Package 'rSDI'

Title: Spatial Dispersion Index (SDI) Family of Metrics for Spatial/Geographic Networks
Description: Spatial Dispersion Index (SDI) is a generalized measurement index, or rather a family of indices to evaluate spatial dispersion of movements/flows in a network in a problem neutral way as described in: Gencer (2023) <doi:10.1007/s12061-023-09545-8>. This package computes and optionally visualizes this index with minimal hassle.
Authors: Mehmet Gençer [aut, cre, cph] , Mücahit Zor [aut], Engin Hengirmen [aut]
Maintainer: Mehmet Gençer <[email protected]>
License: GPL (>= 3)
Version: 0.2.1.9000
Built: 2024-11-06 05:12:52 UTC
Source: https://github.com/ehengirmen/rsdi

Help Index


Distance Calculation for Graph Nodes

Description

This function calculates distances between each pair of nodes in the graph. It supports both Haversine and Euclidean formula.

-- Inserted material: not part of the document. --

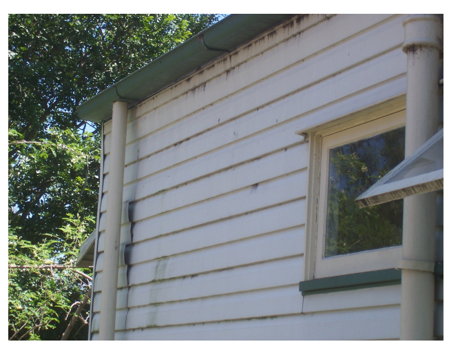
Loose cladding on hovel as there is nothing substantial beneath to which cladding can be HAIGPHOTO

the carport, another living and much more aggravation trying to study in the lounge room abuse study in the dining room with one in house.

The function automatically selects the formula based on the availabe vertex attributes: 'x' and 'y' for Euclidean distances, 'latitude' and 'longitude' for Haversine distances.

Usage

dist_calc(g, formula = NULL)

Arguments

g

An igraph object, with nodes that have a combination of 'latitude' and 'longitude', or 'x' and 'y' vertices attributes.

formula

Optional parameter to specify the distance calculation formula to use, either 'Haversine' or 'Euclidean'. By default 'formula = NULL' and if not specified the otherwise, the function automatically determines the formula based on the available vertex attributes. [x, y] => Euclidean, [latitude,longitude] => Haversine. Note that the 'g' must have one of this set of vertex attributes.

Value

An igraph object with an additional edge attribute 'distance' that contains the calculated distances between each pair of nodes.

Examples

# Assuming 'g' is a graph object with latitude and longitude or x and y attributes for each node.
# an overall example
flows<-data.frame(from=c("A","B","A"), to=c("B","A","C"), weight=c(10,20,5))

# user provides x and y vertices
nodes<-data.frame(id=c("A","B","C","D"),x=c(0,4,0,4),y=c(3,0,0,3))

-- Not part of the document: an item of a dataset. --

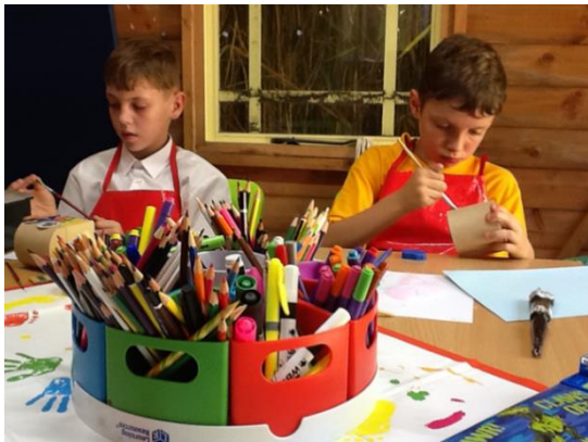
Designing and making our own treasure chests

g<-igraph::graph_from_data_frame(flows, directed=TRUE, vertices=nodes)


dist_calc(g) # eucl. dist. calculated
dist_calc(g, formula = 'Euclidean') # calculates euc when asked
#dist_calc(g, formula = 'Haversine') # error

# user provides latitude and longitude vertices instead of x&y
nodes<-data.frame(id=c("A","B","C","D"),latitude=c(0,4,0,4),longitude=c(3,0,0,3))

g<-igraph::graph_from_data_frame(flows, directed=TRUE, vertices=nodes)

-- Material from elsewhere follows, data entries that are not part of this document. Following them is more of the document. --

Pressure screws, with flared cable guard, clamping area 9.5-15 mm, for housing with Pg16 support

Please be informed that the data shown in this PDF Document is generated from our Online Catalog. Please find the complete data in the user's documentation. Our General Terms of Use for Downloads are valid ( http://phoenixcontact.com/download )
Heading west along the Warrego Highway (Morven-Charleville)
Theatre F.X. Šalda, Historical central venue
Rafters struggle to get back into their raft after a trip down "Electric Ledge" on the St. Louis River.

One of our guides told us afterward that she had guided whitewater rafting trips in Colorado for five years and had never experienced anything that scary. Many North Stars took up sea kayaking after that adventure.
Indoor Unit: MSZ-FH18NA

dist_calc(g) # haversine dist calculated
dist_calc(g, formula = 'Haversine') # calculated hav when asked specificallly
#dist_calc(g, formula = 'Euclidean') # error

Calculate Euclidean Distance Between Two Points

Description

This function calculates the Euclidean distance between two points. The Euclidean is the 'straight line' distance between two points in a two-dimensional space. This function takes the coordinates of two points (longitude and latitude) and calculates the straight distance between them, assuming flat Earth approximation.

Usage

euclidean(x1, y1, x2, y2)

Arguments

x1

X-coordinate of the first point.

y1

Y-coordinate of the first point.

x2

X-coordinate of the second point.

y2

Y-coordinate of the second point.

Value

The Euclidean distance between the two points.

Examples

euclidean(1, 2, 4, 6)
# Euclidean distance between points (1, 2) and (4, 6).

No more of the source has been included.